From ceea025b65cb28532097bfed1ef2b5d580760896 Mon Sep 17 00:00:00 2001
From: =?UTF-8?q?Th=C3=A9ophile=20Bastian?= <contact@tobast.fr>
Date: Wed, 24 Apr 2024 20:08:50 +0200
Subject: [PATCH] Conclusion: mostly written, maybe lacks a conclusive
 paragraph

---
 manuscrit/99_conclusion/main.tex | 69 ++++++++++++++++++++++++++------
 1 file changed, 56 insertions(+), 13 deletions(-)

diff --git a/manuscrit/99_conclusion/main.tex b/manuscrit/99_conclusion/main.tex
index 06cd632..ba79415 100644
--- a/manuscrit/99_conclusion/main.tex
+++ b/manuscrit/99_conclusion/main.tex
@@ -12,21 +12,21 @@ analyzing the low-level performance of a microkernel:
         prevent the backend from being saturated; the latter is stalled
         awaiting previous results (\autoref{chap:staticdeps}).
 \end{itemize}
-We also conduced in \autoref{chap:CesASMe} a systematic comparative study of a
+We also conducted in \autoref{chap:CesASMe} a systematic comparative study of a
 variety of state-of-the-art code analyzers.
 
 \bigskip{}
 
 State-of-the-art code analyzers such as \llvmmca{} or \uica{} already
-boast a good accuracy. Both of these models ---~and most of the others also~---
+boast a good accuracy. Both of these tools ---~and most of the others also~---
 are however based on models obtained by various degrees of manual
-investigation, and are unable to scale without further manual effort to future
+investigation, and cannot be adapted without further manual effort to future
 or uncharted microprocessors.
 
 The field of microarchitectural models for code
 analysis emerged with fundamentally manual methods, such as Agner Fog's tables.
 Such tables, however, may now be produced in a more automated way using
-\uopsinfo{} ---~at least for certain microarchitectures~---; \pmevo{} pushes
+\uopsinfo{} ---~at least for certain microarchitectures; \pmevo{} pushes
 further in this direction by automatically computing a frontend model from
 benchmarks ---~but still has trouble scaling to a full instruction set. In its
 own way, \ithemal{}, a machine-learning based approach, could also be
@@ -38,28 +38,28 @@ supercomputer area.
 
 \medskip{}
 
-We investigate this direction by exploring the three major bottlenecks
+We investigated this direction by exploring the three major bottlenecks
 mentioned earlier in the perspective of providing fully-automated,
 benchmarks-based models for each of them. Optimally, these models should be
 generated by simply executing a program on a machine running on top of the
 targeted microarchitecture.
 
 \begin{itemize}
-    \item We contribute to \palmed{}, a framework able to extract a
+    \item We contributed to \palmed{}, a framework able to extract a
         port-mapping of a processor, serving as a backend model.

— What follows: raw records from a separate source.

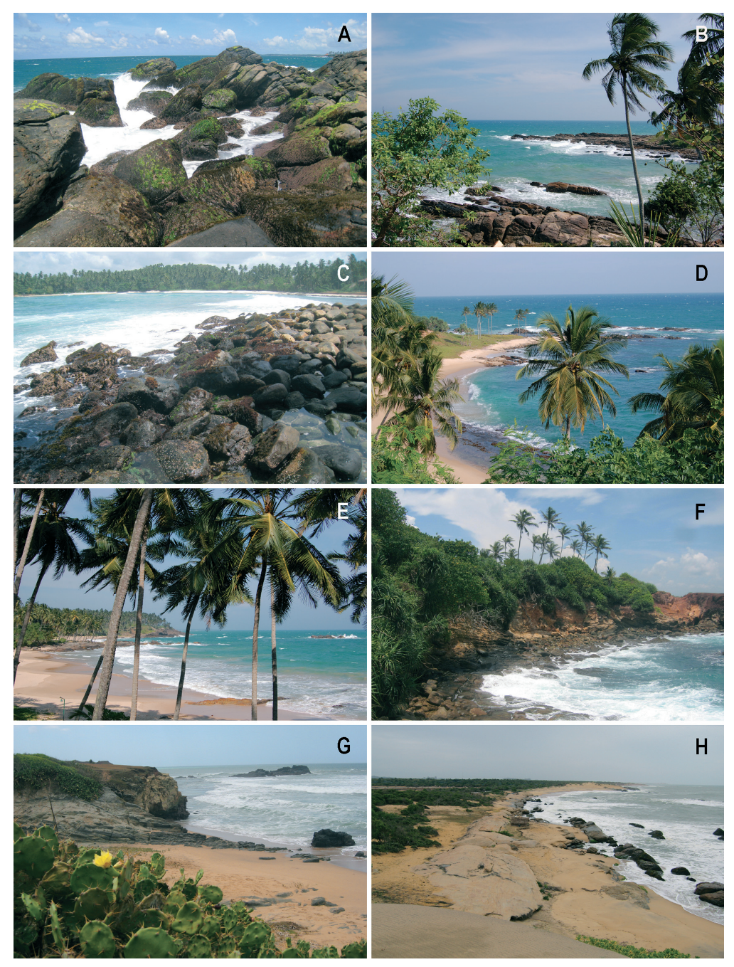
Fig. 6. Coast types. A. Rocky coast during the SW-monsoon (Dickwella); B. Surf-exposed peninsula (Tangalle); C. Rock boulders with a dense seaweed vegetation and marked zonation (Nilwella); D, E. Rocky peninsulas alternating with sandy bays fringed by beachrock platforms (Tangalle); F. Cliffs at Weligama;

G. Cliffs alternating with sandy beaches (Usangoda protected area, Hambantota); H. Dunes alternating with beachrock and intertidal rocks (Yala).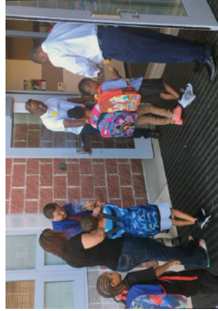
First Day of School; Welcoming students and sharing UW "Think We before Me" wristbands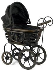
wood and metal pram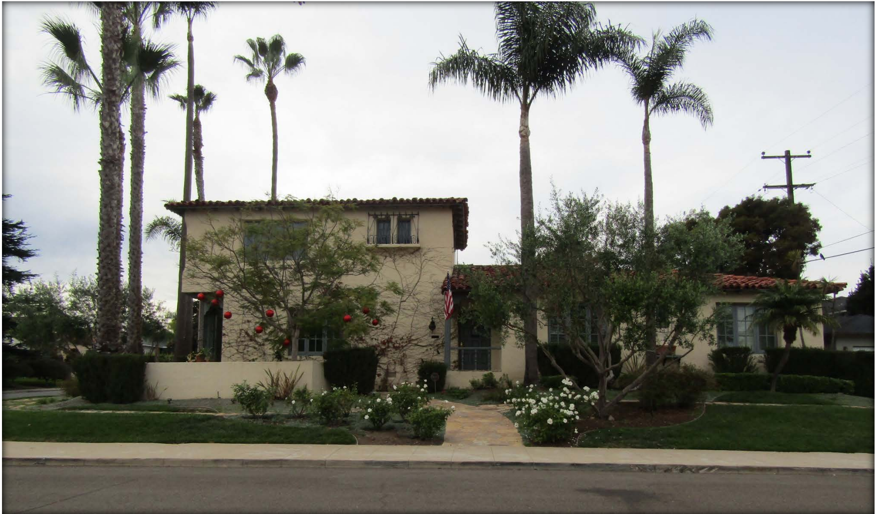
Southeast Elevation (Willow Street)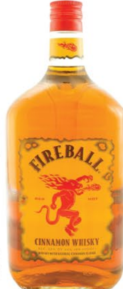
Fireball Cinnamon Whisky 1.75L 17.49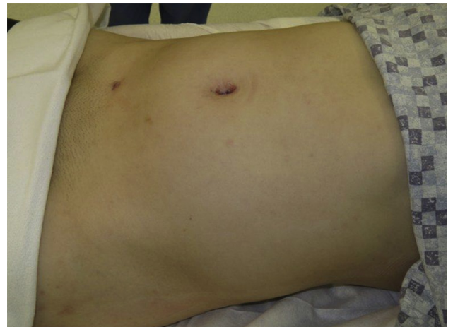
Fig. 2. Post-operative incision at the umbilicus and 2 mm skin nick in the right lower quadrant, both dressed with skin glue.

In the supine position with both arms tucked and a urinary catheter in place, the abdomen was accessed via the umbilicus. A vertical incision was made through the skin within the confines of the umbilicus. A hemostat was utilized to bluntly clear subcutaneous fat from the linea alba inferiorly and superiorly. The linea alba was then sharply incised, allowing for hemostat passage through the peritoneum. With the tip of the hemostat directed upward, the abdominal wall was elevated and the linea alba further opened over a length of 2 cm. Through this umbilical opening, the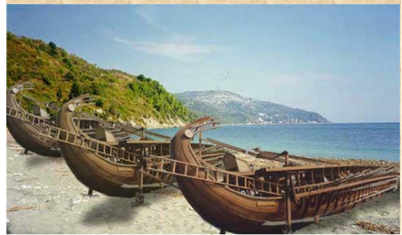
Persian triremes at Marathon (computer simulation)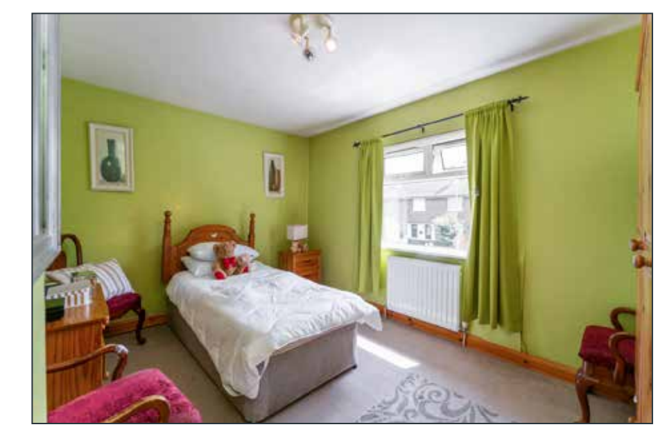
BEDROOM (3): 11' 2" x 7' 10" (3.4m x 2.39m)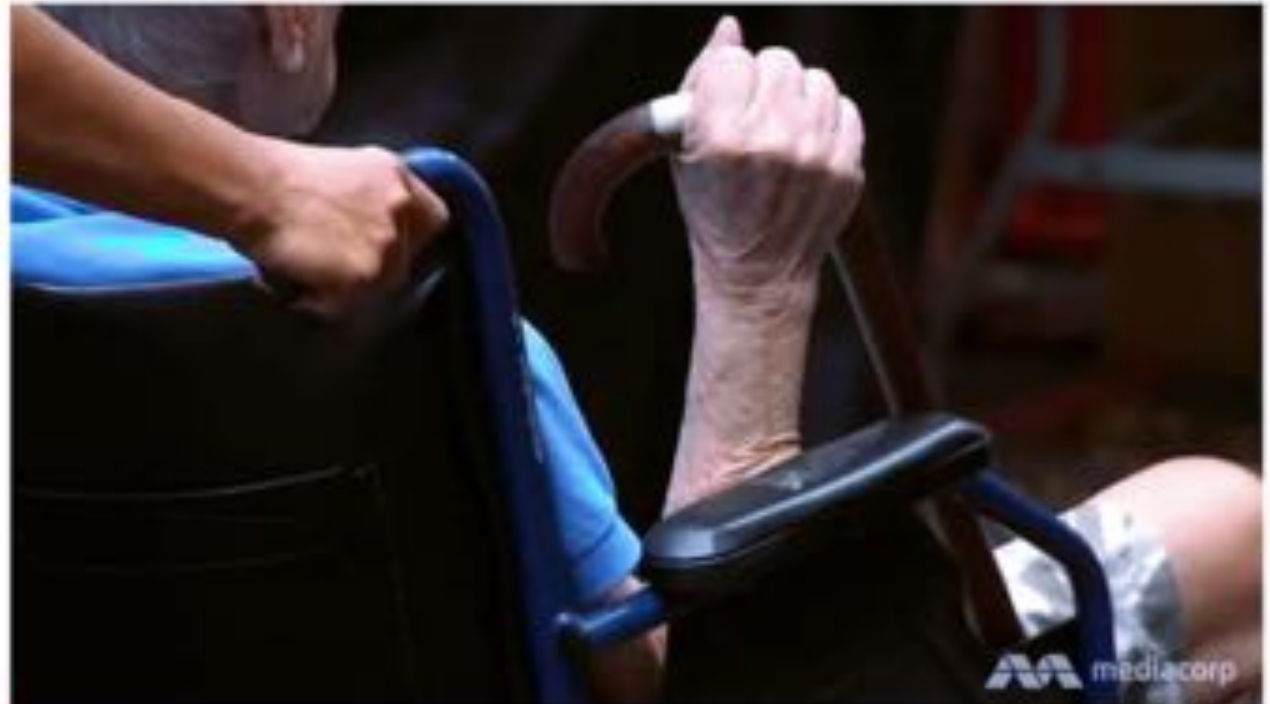
An elderly man in a wheelchair.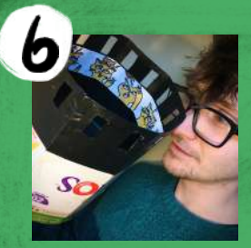
Sat 30th May

Noisy Oyster will be showing you how you can use vegetables, fruit, and a variety of kitchen objects to bring popular nursery rhymes to life. Join the Right Royal Chefs in their kitchen, and they will show you how playing with your food is not always a bad idea.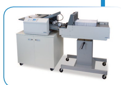
FD 2054 in-line with optional V-Stack36 Vertical Stacker, stand and cabinet

MyBinding.com 5500 NE Moore Court Hillsboro, OR 97124 Toll Free: 1-800-944-4573 Local: 503-640-5920

-    \item We manually extract a frontend model for the Cortex A72 processor. We
-        believe that the foundation of our methodology works on most
+    \item We manually extracted a frontend model for the Cortex A72 processor.
+        We believe that the foundation of our methodology works on most
         processors. The main characteristics of a frontend, apart from their
         instructions' \uops{} decomposition and issue width, must however still
         be investigated, and their relative importance evaluated.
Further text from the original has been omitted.